I think if both tableA_tmp ,tableB_tmp,tableC_tmp and tableD_tmp return a smaller result set , SQL1 will be faster than SQL2 because oracle does not need to query tableA_tmp,,tableB_tmp,tableC_tmp and tableD_tmp once for every master_table record.
But if both the tableA_tmp ,tableB_tmp,tableC_tmp and tableD_tmp return the large result set , SQL 2 will be much faster because the cost of joining many large result set is much higher than query tableA_tmp,,tableB_tmp,tableC_tmp and tableD_tmp once for every master_table record.
Please correct me if I have any misunderstanding.
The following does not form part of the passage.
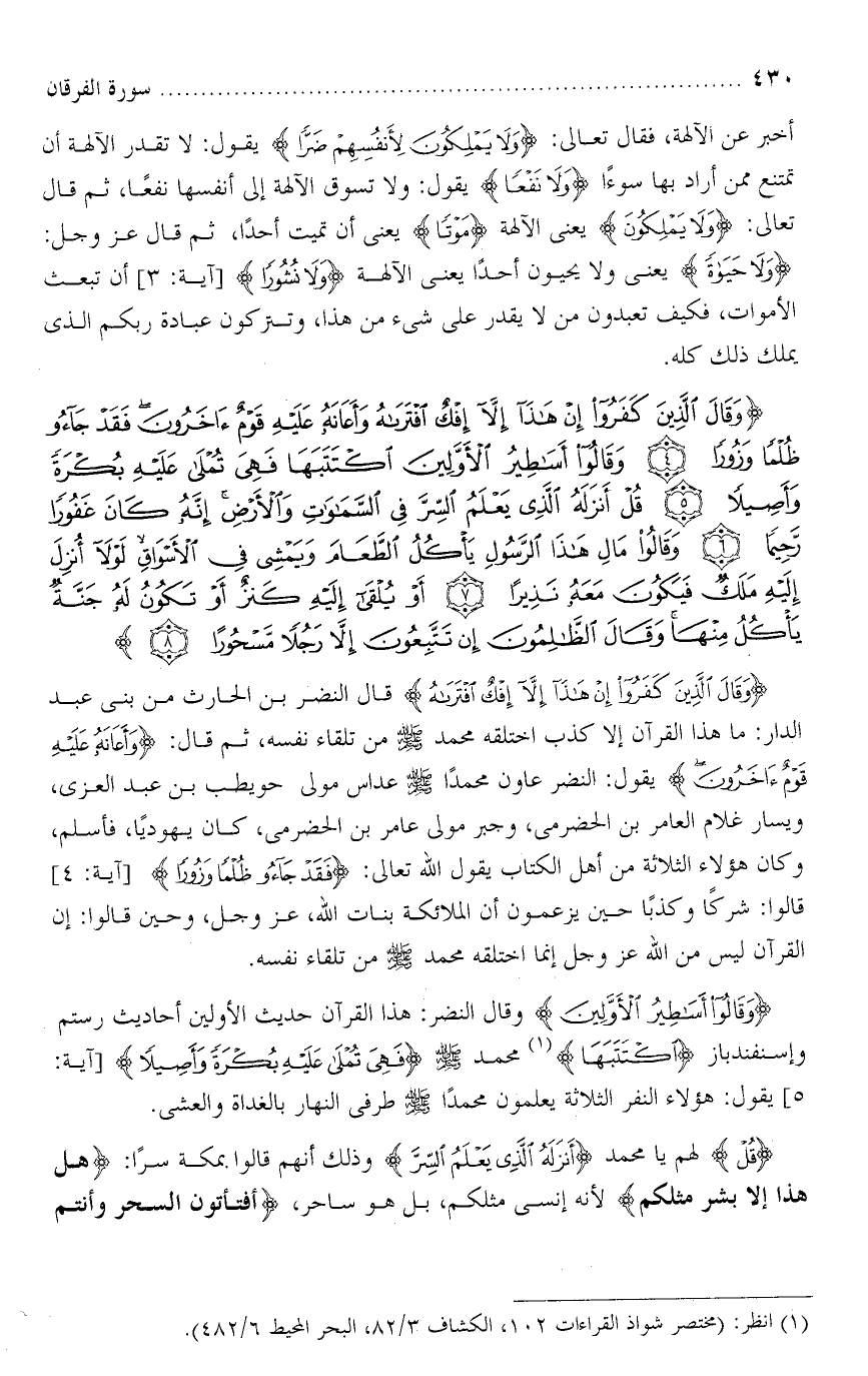 تفسير سورة الفرقان من الآية : [ 4 - 8 ] .

Or any others method suggested?
SQL1:
select
master_table.* ,
tableA_tmp.cnt as tableA_cnt ,
tableB_tmp.cnt as tableB_cnt ,
tableC_tmp.cnt as tableC_cnt ,
tableD_tmp.cnt as tableD_cnt
from
master_table,
(select tableA.id as id, count(1) as cnt from tableA group by tableA.id) tableA_tmp,
(select tableB.id as id, count(1) as cnt from tableB group by tableB.id) tableB_tmp,
(select tableC.id as id, count(1) as cnt from tableC group by tableC.id) tableC_tmp,
(select tableD.id as id, count(1) as cnt from tableD group by tableD.id) tableD_tmp
where
master_table.id = tableA_tmp.id(+) and
master_table.id = tableB_tmp.id(+) and
master_table.id = tableC_tmp.id(+) and
master_table.id = tableD_tmp.id(+) ;
SQL 2:
select
master_table.* ,
(select count(*) from tableA where tableA.id = master_table.id) as tableA_cnt,
(select count(*) from tableB where tableB.id = master_table.id) as tableB_cnt,
(select count(*) from tableC where tableC.id = master_table.id) as tableC_cnt,
(select count(*) from tableD where tableD.id = master_table.id) as tableD_cnt
from
master_table;
Joins are generally better than inline queries – inline queries get executed for every row that is returned from the main query.
That means (1) is better than (2). In 99% of the cases at least.
In few cases, the distribution of data and way indexes are defined can play a role in tilting the query execution times towards 2 being more efficient, but this happens very rarely in a average database.